Envelope runs a data pipeline as a graph of steps that are defined by the configuration. Each step can specify other steps as dependencies so that Envelope will wait for those steps to be submitted first. Steps that have no dependencies will run immediately. Steps that have common dependencies will run in parallel.
The key mapping of Envelope to Spark is that each Envelope data step is a DataFrame, which is created from either an external input or a derivation of one or more other data steps. Each data step’s DataFrame is registered by the step name as a Spark SQL temporary table so that subsequent queries can read directly from that step.

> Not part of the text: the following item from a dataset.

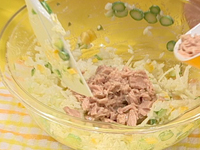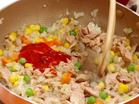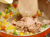 2.しんなりしたらツナ缶、ミックスベジタブルを加える。 |

Each data step can optionally write to an external output. The way that a step is applied to the output, e.g. to append, or to upsert, or to maintain a Type 2 SCD, is specified with a planner. The way that a step groups keys together (which only occurs when the planner requires existing records) is specified with a partitioner.
Each data step that uses an input
with a translator
will add an additional data step that contains the input values that errored on translation, and with the same name as the original data step plus the suffix '_errored'.

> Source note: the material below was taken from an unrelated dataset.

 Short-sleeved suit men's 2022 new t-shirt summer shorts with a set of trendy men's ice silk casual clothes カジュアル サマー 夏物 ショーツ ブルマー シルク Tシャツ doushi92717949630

Envelope can loop over a sub-graph of the pipeline steps by using a loop step. See the looping guide for more on the loop step type.

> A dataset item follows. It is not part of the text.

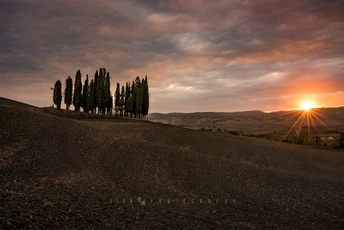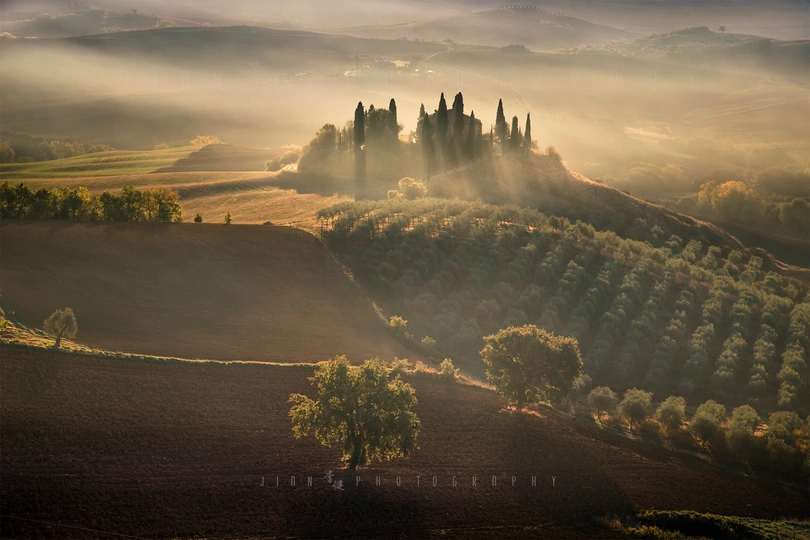 诗意田园 托斯卡纳 日落的阳光 即将隐去耀眼的光芒 最后时刻 阳光印红了天空 田园里几棵孤独的树 随风摆动 如诗如画

When at least one of the external input steps is a stream, e.g. Kafka, then the Envelope pipeline becomes a Spark Streaming job and the graph of steps will be executed every micro-batch.
Envelope can read Java properties, JSON, and HOCON configuration files.
Each pipeline configuration file must define:
-
One or more data steps with no dependencies
-
One or more data steps with an output
-
One compatible planner for each output
And can additionally define:
-
One application section for pipeline-level configurations
-
One or more steps with one or more dependencies
-
One or more loop steps
-
Zero or one or more steps with a partitioner
For the full specification of Envelope configurations, see the configuration guide documentation page.
The final configuration is constructed with the following layers (in order of precedence):
-
System environment (see Optional System or ENV variables)
-
Primary Envelope configuration file
-
Command line parameters (either as HOCON or JSON; see ConfigFactory.parseString())
Then the composite is resolved for substitutions and used throughout the pipeline.
Configurations and runtime information required for running Envelope in secure clusters can be found in the security guide.